--- START ---

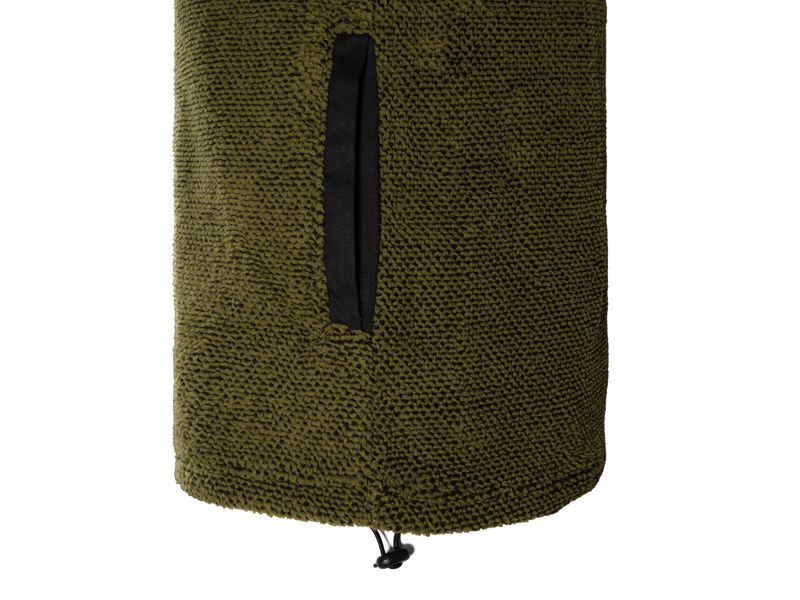 Praktický predný zips na golieri uľahčuje obliekanie a zároveň umožňuje regulovať teplotu podľa potreby. Na spodnom leme sa po celom obvode nachádza sťahovacia gumička s dvojicou zarážok, vďaka ktorej možno prispôsobiť šírku mikiny a minimalizovať únik tepla. Dve priestranné bočné vrecká poslúžia na úschovu drobností alebo na zahriatie rúk počas chladných dní.
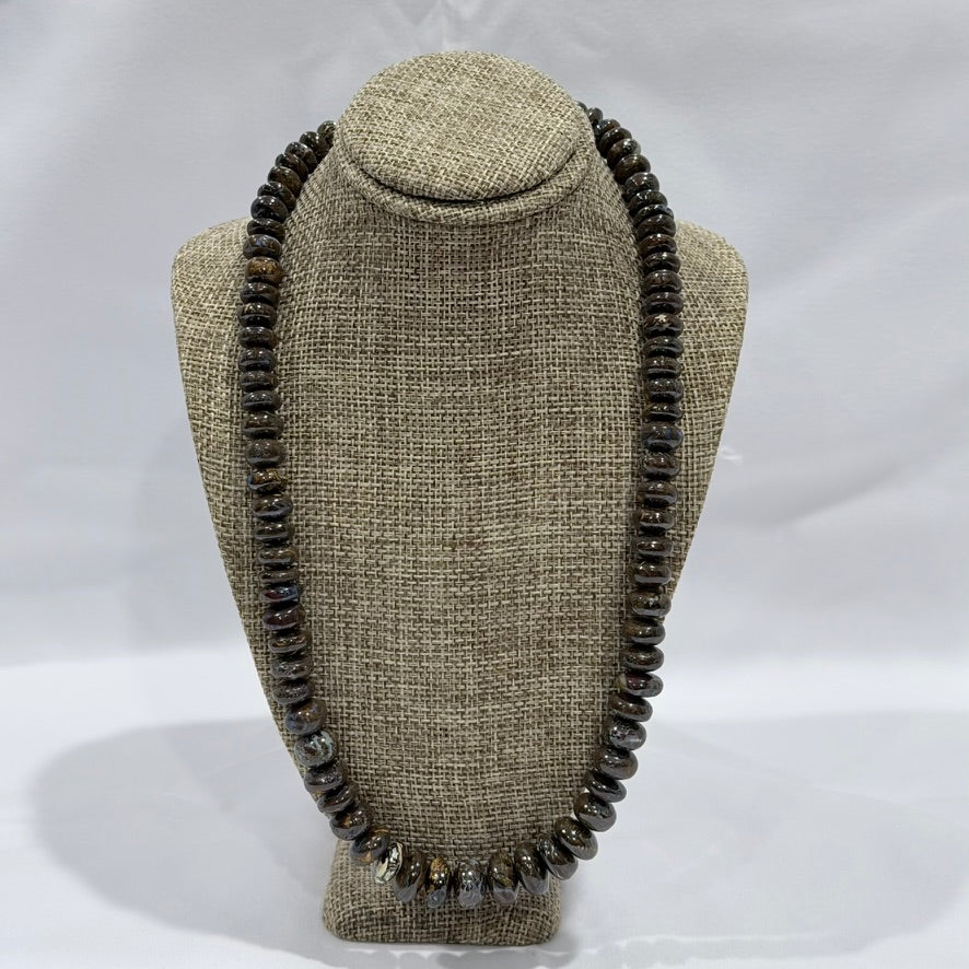 A bold and earthy statement piece featuring richly polished dark stone beads with natural marbling and subtle metallic undertones. Each bead is uniquely patterned, giving the strand a one-of-a-kind character and depth. Smooth, glossy, and weighty in feel, this piece brings a grounded, sophisticated edge to any look — perfect for both everyday wear and standout styling.
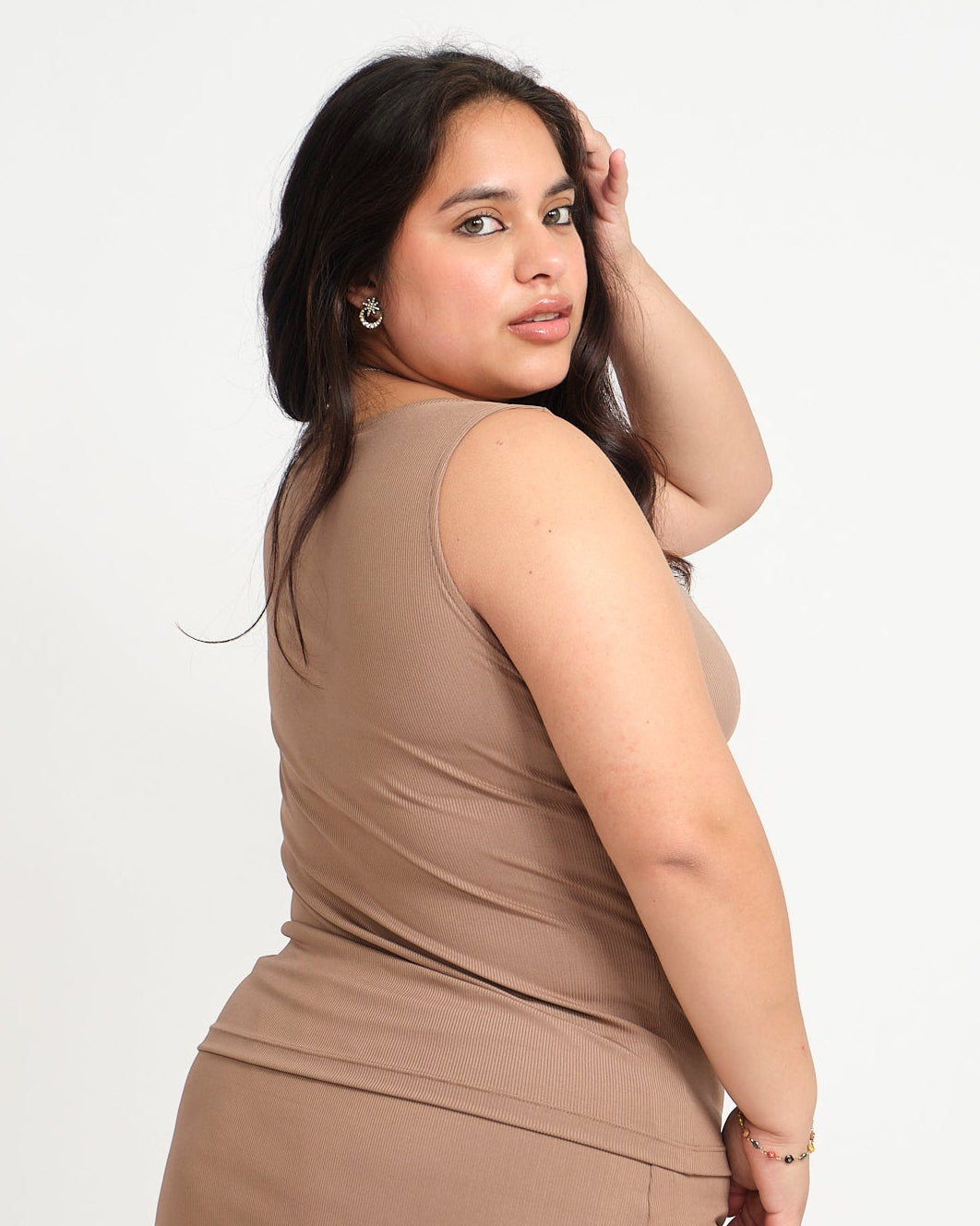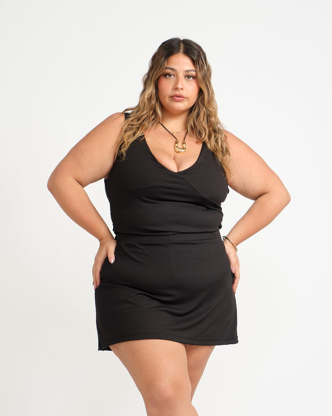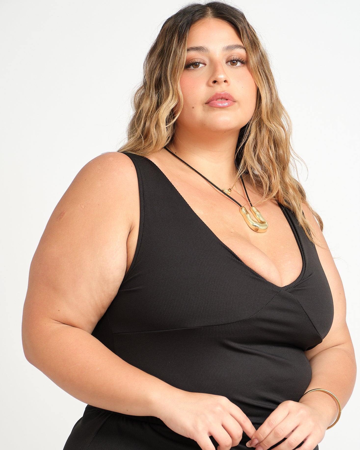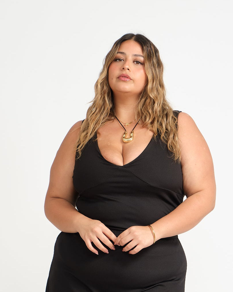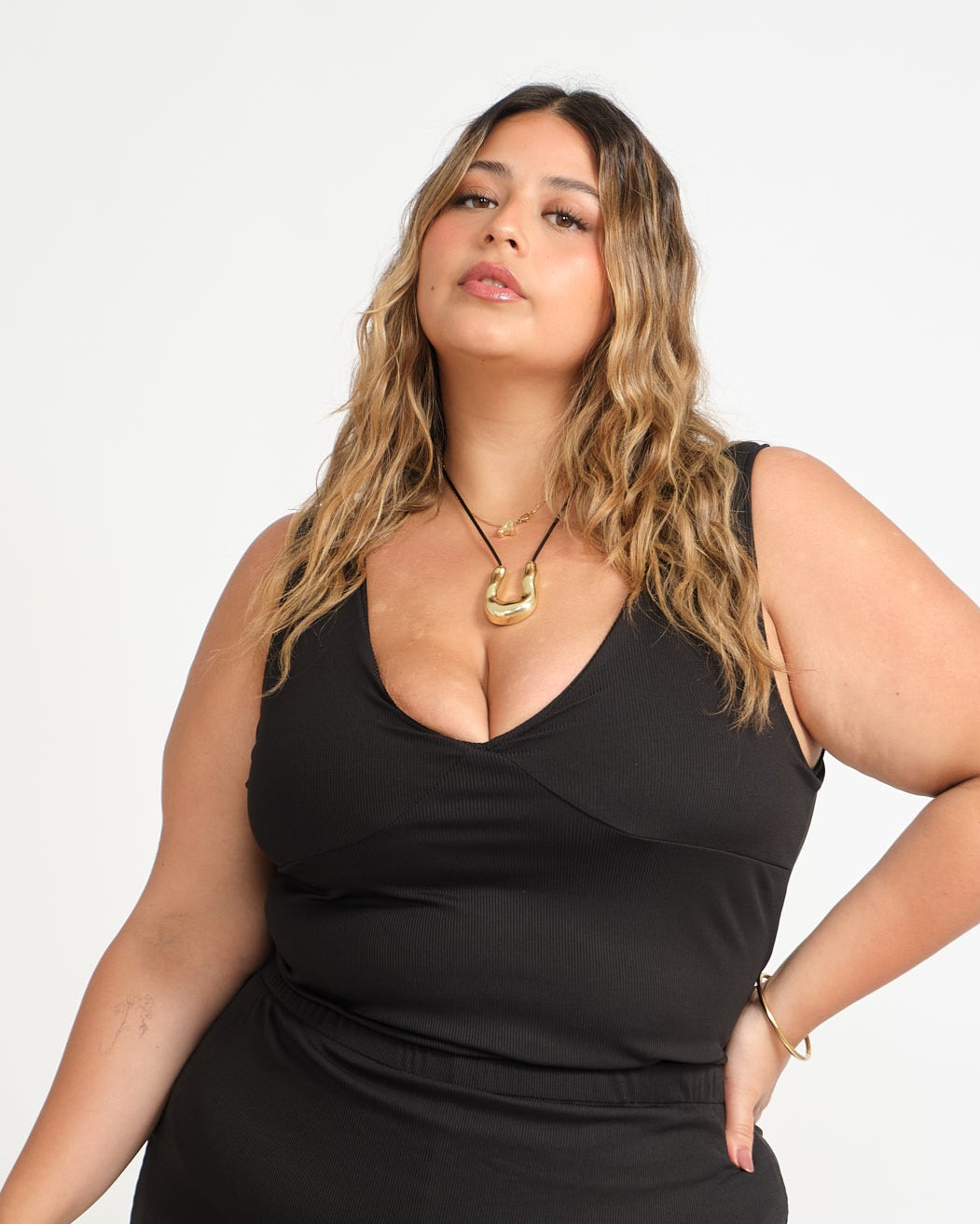 - Top con escote V profundo, el largo es hasta la cadera.
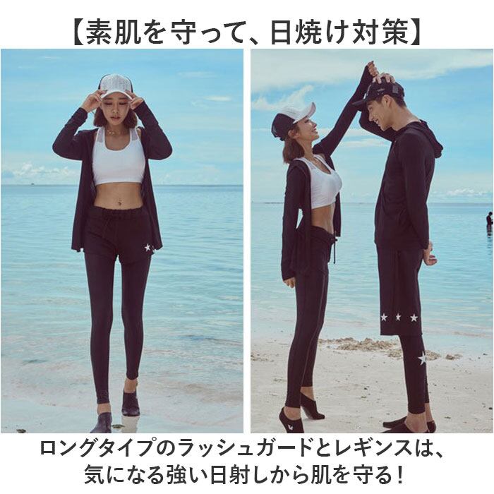 ・ロングタイプのラッシュガードとレギンスは、気になる強い日射しから肌を守る!
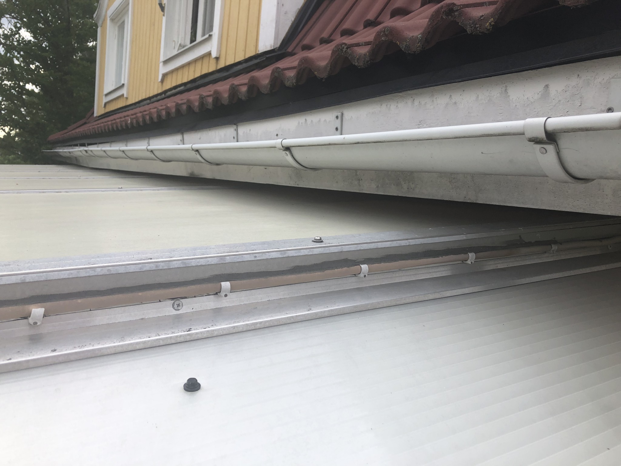 hus ägare sedan ett år tillbaka och fick höra av tidigare ägare att det läkt in vatten någon gång då och då ifrån taket mot vårt uterum, har inte märkt något av detta hittills men den förra ägare misstänkte att det kunde vara nät snö töade på uterumstaket, och vintern var mer eller mindre obefintlig denna vintern.. men tänkte tills nästa vinter se om man kan göra något mot detta.. har ni något förslag? Se bifogad bild på hur det ser ut mot fasaden
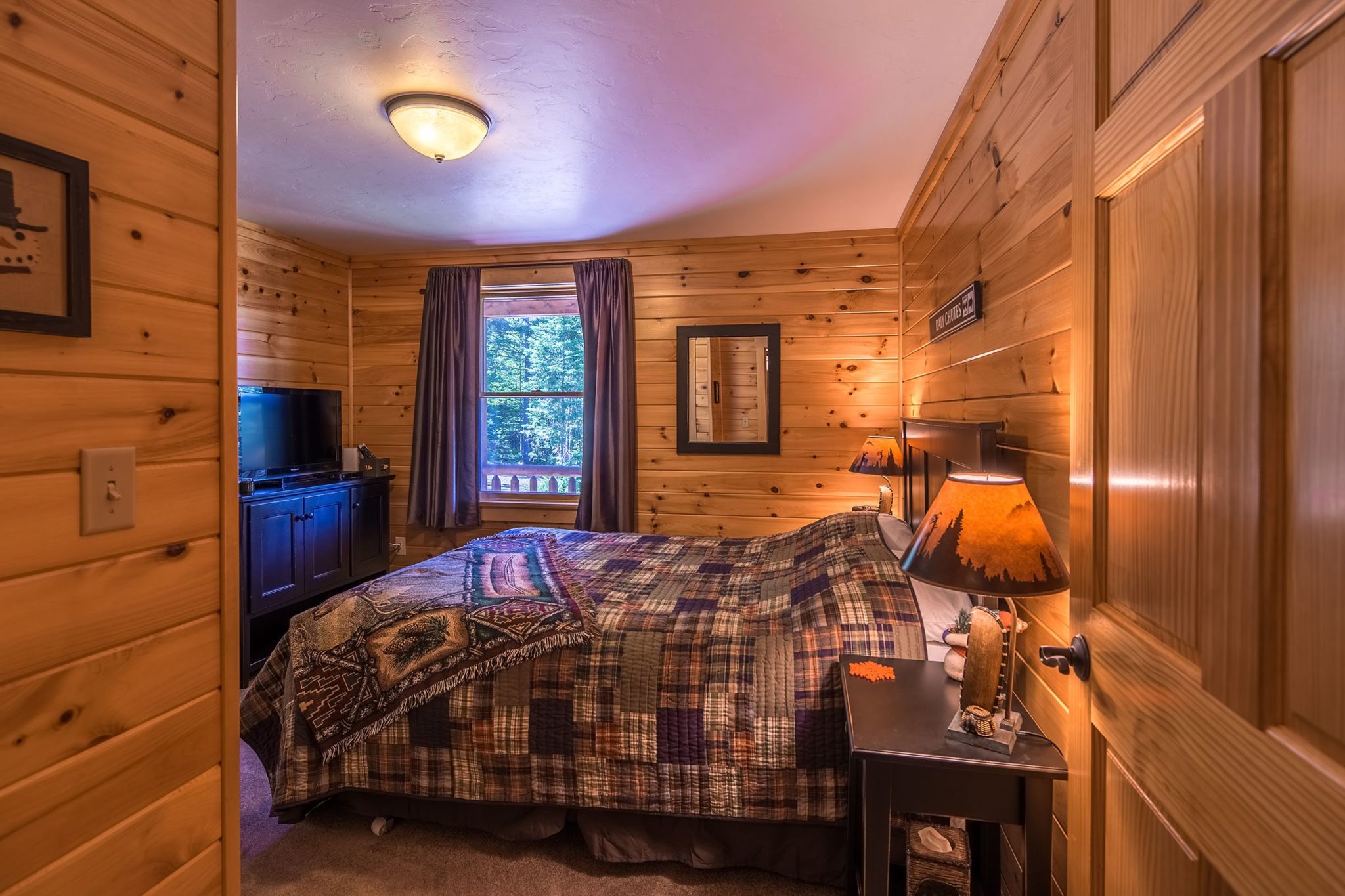 bedrooms and 5 baths, with three ensuite masters, one for each family member. Their daughter and her family have one set of bedrooms and a bath on the loft floor; their son has a separate master on the main floor. The lower level has two additional guest bedrooms that share a bathroom. Finally, a 6-bed bunk room provides expanded sleeping for kids and overflow guests. All told, the lodge can comfortably sleep 5-6 couples or 22 individuals.

--- END ---

**WHAT TO WORK ON:**
In your output, include only the lines from the line containing "hus ägare sedan" through the last line of the material above, exactly as they appear, and leave out the pictures.

**WORKED SOLUTION:**
 hus ägare sedan ett år tillbaka och fick höra av tidigare ägare att det läkt in vatten någon gång då och då ifrån taket mot vårt uterum, har inte märkt något av detta hittills men den förra ägare misstänkte att det kunde vara nät snö töade på uterumstaket, och vintern var mer eller mindre obefintlig denna vintern.. men tänkte tills nästa vinter se om man kan göra något mot detta.. har ni något förslag? Se bifogad bild på hur det ser ut mot fasaden
 bedrooms and 5 baths, with three ensuite masters, one for each family member. Their daughter and her family have one set of bedrooms and a bath on the loft floor; their son has a separate master on the main floor. The lower level has two additional guest bedrooms that share a bathroom. Finally, a 6-bed bunk room provides expanded sleeping for kids and overflow guests. All told, the lodge can comfortably sleep 5-6 couples or 22 individuals.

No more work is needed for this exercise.